**** Data to examine

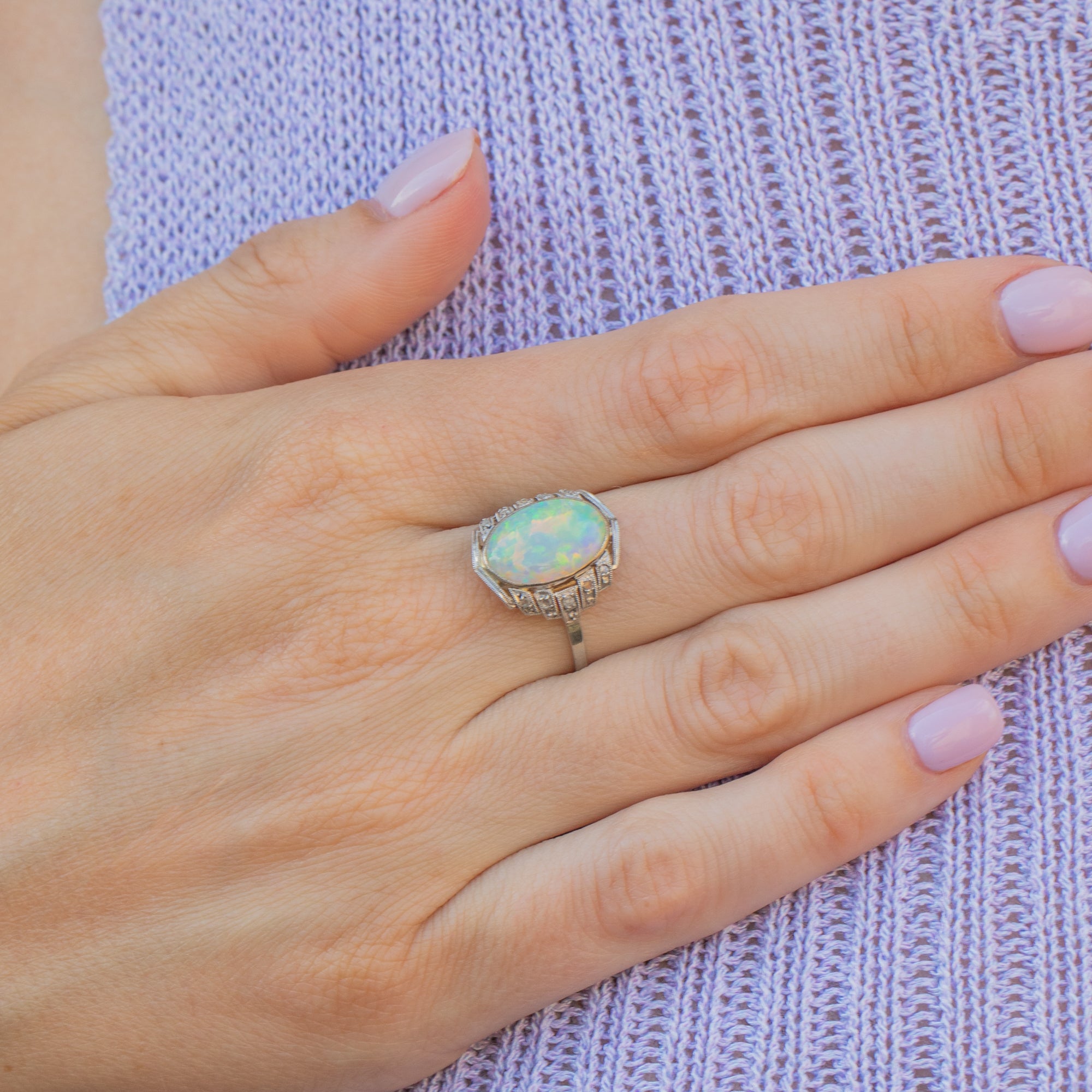French 18ct White Gold Art Deco Opal Diamond Cluster Ring, 1.20ct Opal
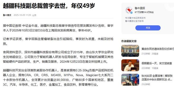 越疆科技副总裁曾宇去世,年仅49岁 鲁中晨报 2025-10-05
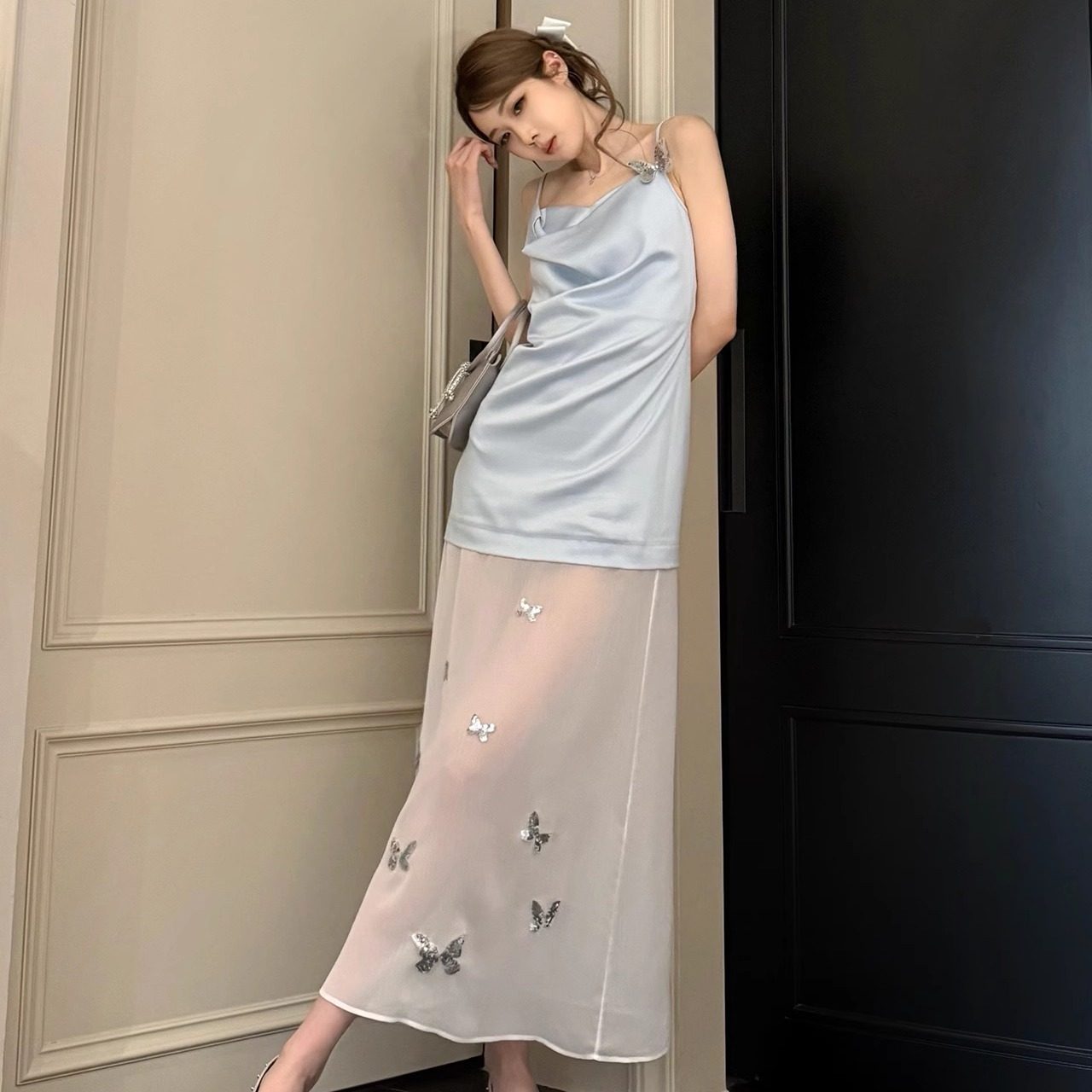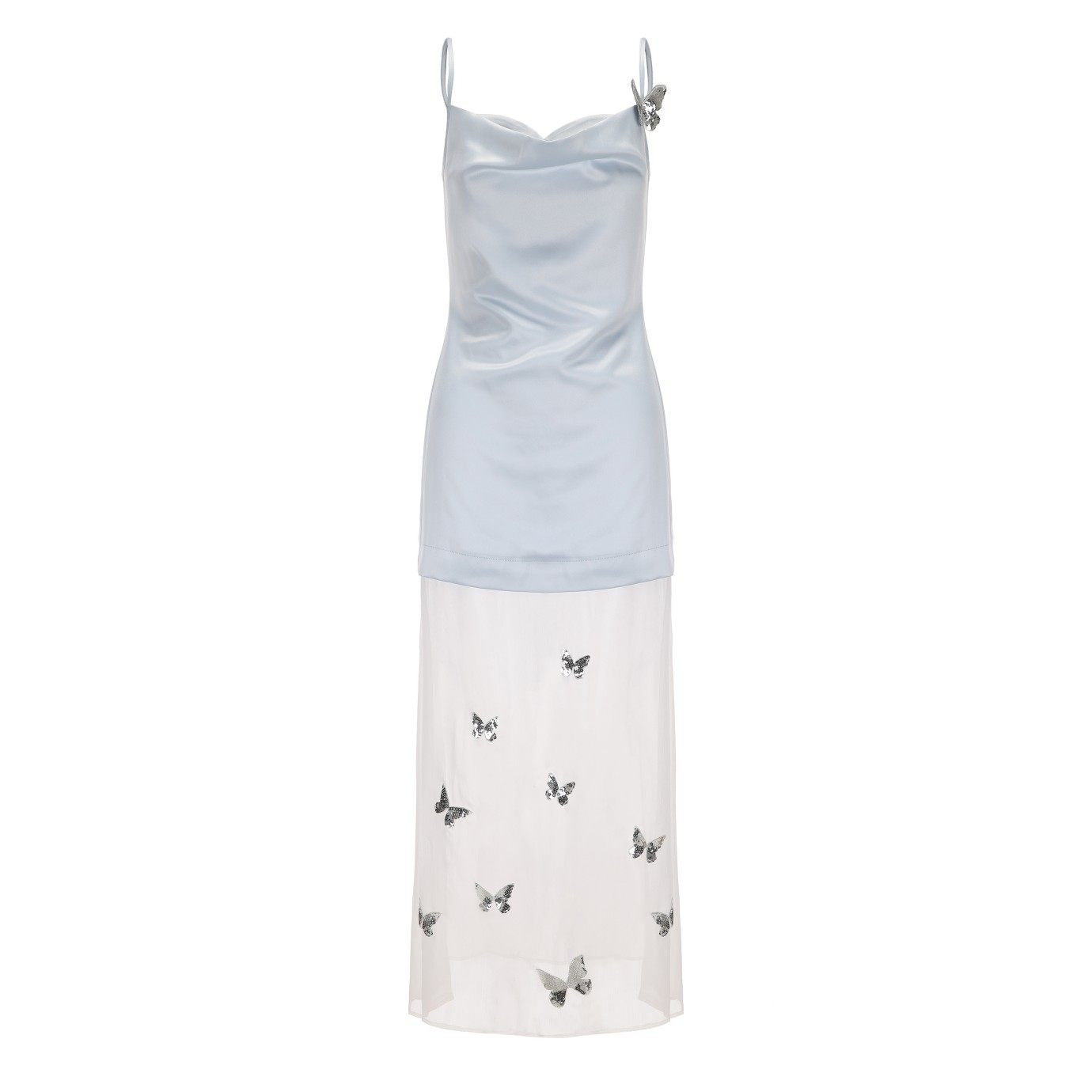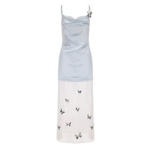 蓝色缎面荡领蝴蝶亮片吊带连衣裙 2025SS ARTE PURA
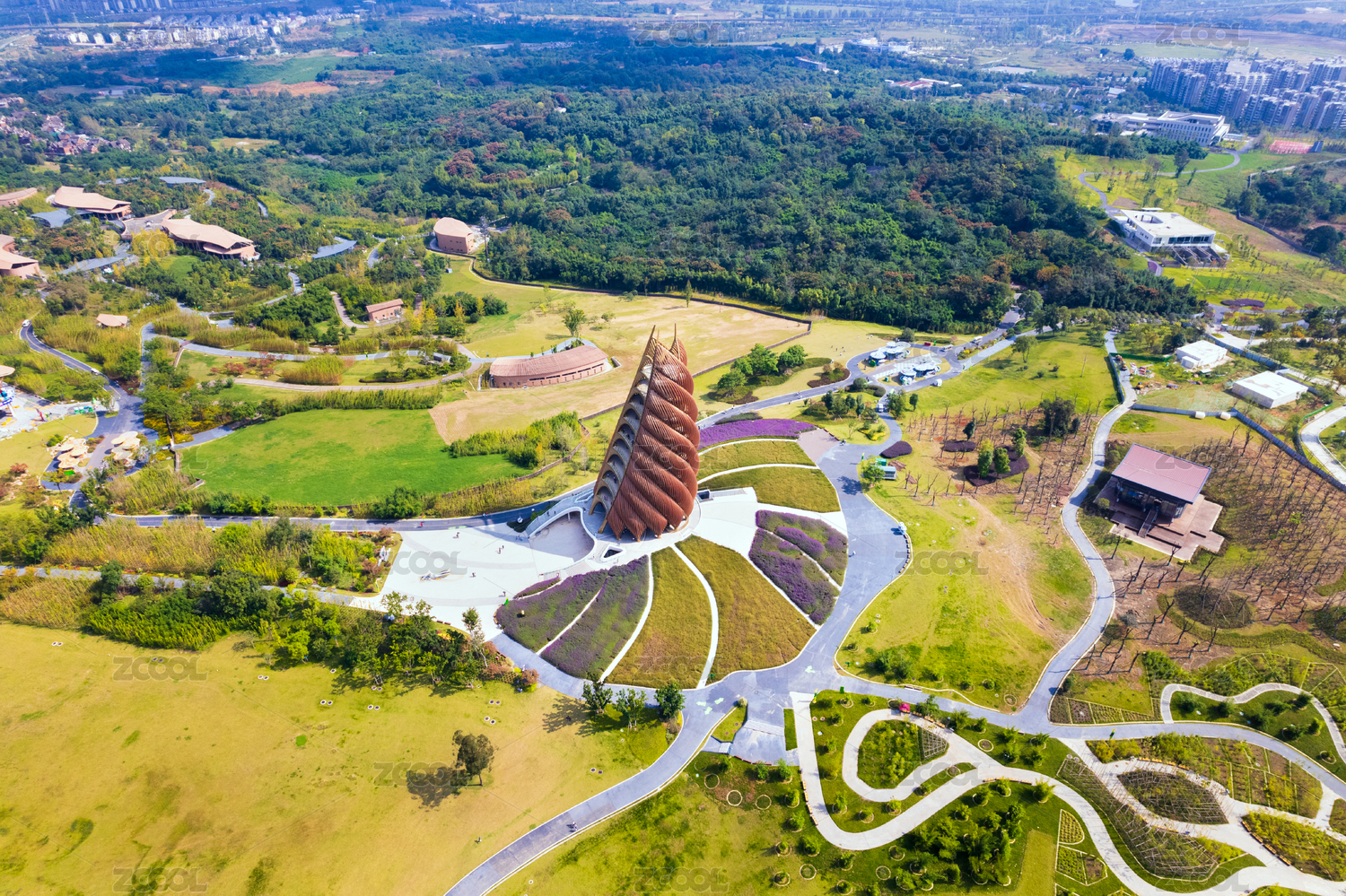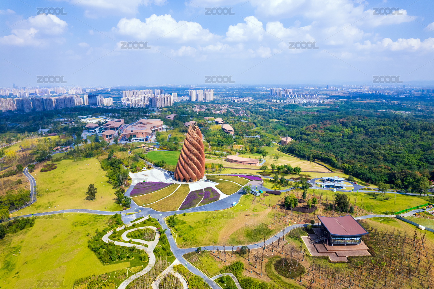 成都大熊貓繁育研究基地竹筍狀的熊貓塔航拍
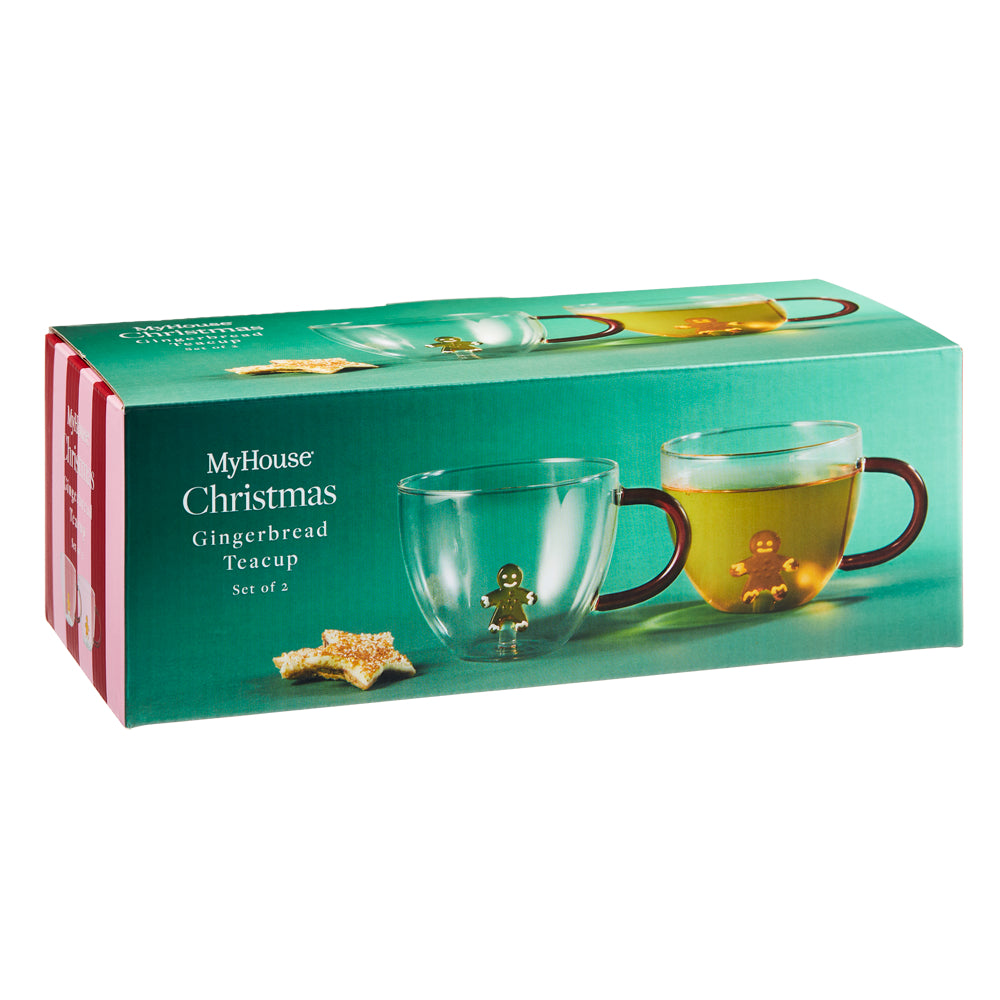 Add festive cheer to your teatime ritual with the delightful MyHouse® Set of 2 Gingerbread Teacups, each featuring an adorable gingerbread man nestled at the bottom. These transparent glass tea cups are a great stocking filler for loved ones who enjoy tea, or as a little gift for yourself this holiday season. Shop MyHouse® this Christmas for a range of baubles, hone decor, table linen, and bed linen perfect for your home this festive season!

********

*Assignment*
Skip the pictures and quote each line of the entries above, from the first through the line with "成都大熊貓繁育研究基地竹筍狀的熊貓塔航拍", exactly as it appears.

*Response area*
French 18ct White Gold Art Deco Opal Diamond Cluster Ring, 1.20ct Opal
 越疆科技副总裁曾宇去世,年仅49岁 鲁中晨报 2025-10-05
 蓝色缎面荡领蝴蝶亮片吊带连衣裙 2025SS ARTE PURA
 成都大熊貓繁育研究基地竹筍狀的熊貓塔航拍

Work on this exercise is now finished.